> [What to produce] With the pictures omitted, repeat exactly the lines below starting with the line that has "汇添富上证科创板芯片ETF累计净值增长率与同期业绩基准收益率对比图" and going on through the line that has "くもで網体験 / 柳川むつごろう会 ☎ 0944-72-0819".

> [Data for this exercise]
##########

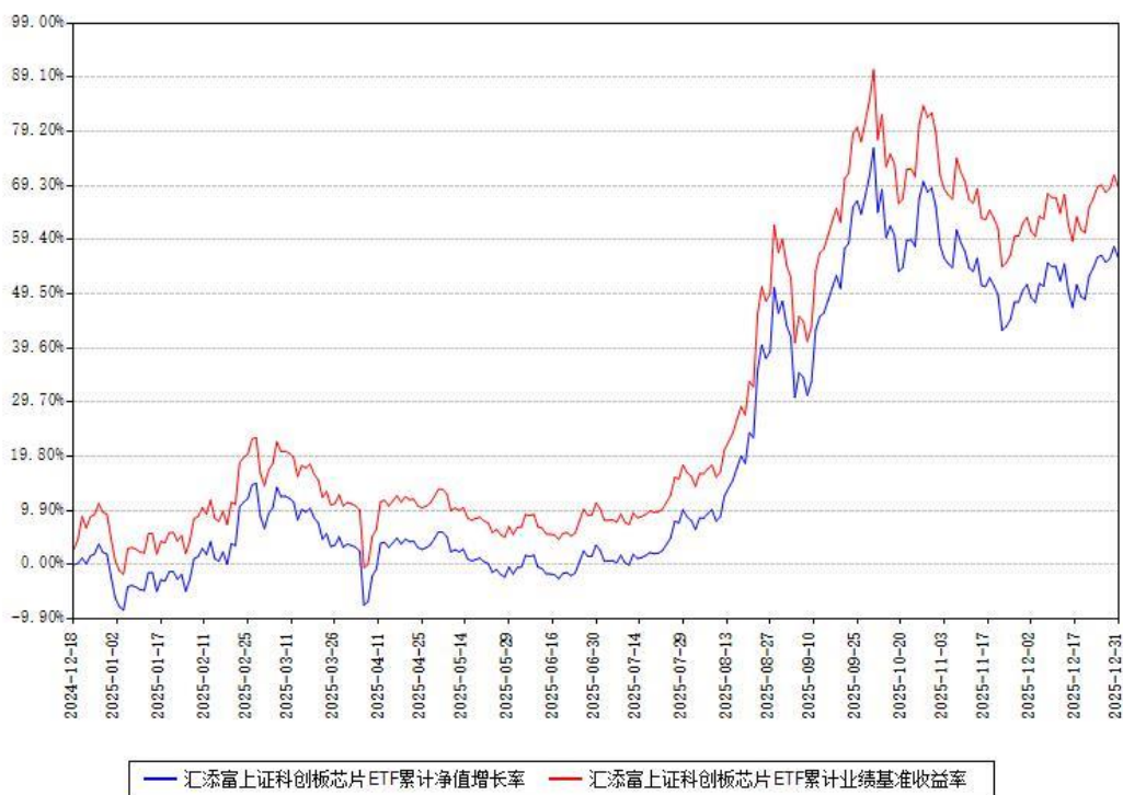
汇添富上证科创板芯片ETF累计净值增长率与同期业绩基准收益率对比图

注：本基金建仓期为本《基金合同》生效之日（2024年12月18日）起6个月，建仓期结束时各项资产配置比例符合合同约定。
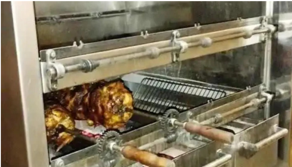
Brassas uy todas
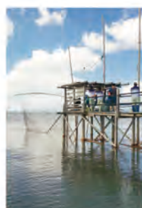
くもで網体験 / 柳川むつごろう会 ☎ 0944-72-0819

##########

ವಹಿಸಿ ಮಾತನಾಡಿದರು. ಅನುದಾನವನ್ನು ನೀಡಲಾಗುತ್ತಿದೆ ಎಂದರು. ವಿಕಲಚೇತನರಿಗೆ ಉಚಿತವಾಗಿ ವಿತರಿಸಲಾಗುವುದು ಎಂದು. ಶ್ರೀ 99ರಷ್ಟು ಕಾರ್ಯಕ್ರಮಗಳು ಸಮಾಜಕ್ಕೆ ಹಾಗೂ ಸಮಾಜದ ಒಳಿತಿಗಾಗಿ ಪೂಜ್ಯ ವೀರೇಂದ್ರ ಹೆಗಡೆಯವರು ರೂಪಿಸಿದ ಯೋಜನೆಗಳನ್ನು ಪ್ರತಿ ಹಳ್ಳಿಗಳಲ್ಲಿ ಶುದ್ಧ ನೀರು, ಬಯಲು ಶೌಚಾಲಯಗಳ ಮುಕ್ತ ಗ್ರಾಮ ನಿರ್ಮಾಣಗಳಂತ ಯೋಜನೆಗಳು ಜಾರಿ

##########

> [Output of the task]
汇添富上证科创板芯片ETF累计净值增长率与同期业绩基准收益率对比图

注：本基金建仓期为本《基金合同》生效之日（2024年12月18日）起6个月，建仓期结束时各项资产配置比例符合合同约定。
Brassas uy todas
くもで網体験 / 柳川むつごろう会 ☎ 0944-72-0819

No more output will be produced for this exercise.